Impact of 5G Network
Due to the increasingly widespread use of the 5G network in Korea, it has become possible to transmit massive amounts of data very quickly and connect to a wider variety of devices. As a result, favourable conditions have been established for the development of telemedicine and the use of the IoT; however, the fact that telemedicine, in principle, is not permitted under the current MSA and the fact that receiving treatment from a medical practitioner located overseas could be considered unlicensed medical practice under Korean law hinder services that use telemedicine and the IoT from flourishing.

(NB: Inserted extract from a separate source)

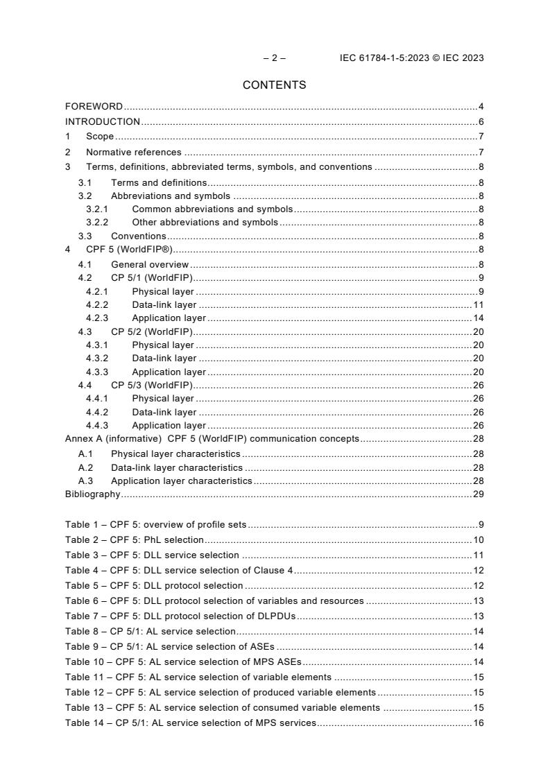 IEC 61784-1-5:2023 defines Communication Profile Family 5 (CPF 5). CPF 5 specifies a set of protocol specific communication profiles (CPs) based on the IEC 61158 series (Type 7) and other standards, to be used in the design of devices involved in communications in factory manufacturing and process control. NOTE All CPs are based on standards or draft standards or International Standards published by the IEC or on standards or International Standards established by other standards bodies or open standards processes. Each CP selects an appropriate consistent and compatible subset of services and protocols from the relevant set that is defined and modelled in the IEC 61158 series. For the selected subset of services and protocols, the profile also describes any possible or necessary constraints in parameter values.

Accordingly, there is growing demand for amendment of the relevant laws to allow telemedicine. Also, in order to graft the advantages of the 5G network into the emergency medical field, the Korean government is carrying out a project to develop an emergency medical system using 5G technology through the collaboration of related regulatory agencies. Specifically, applying 5G AI technology at the emergency medical treatment stage would enable intelligent emergency recognition, automatic measurement of patient biometric information, and intelligent emergency treatment patient classification for the efficient and speedy treatment of emergency patients. Meanwhile, the 5G communication network can connect the ambulance to the hospital emergency room and enable emergency service support, such as providing emergency medical guidance and guidance for optimal transport to the hospital, while transferring the patient in the ambulance.
Commercial and Contractual Considerations
The most important considerations healthcare institutions will face when entering into arrangements with telecom providers to deploy and manage the 5G network will be to have well-defined requirements regarding information security, and make clear the parties’ responsibilities with regard thereto.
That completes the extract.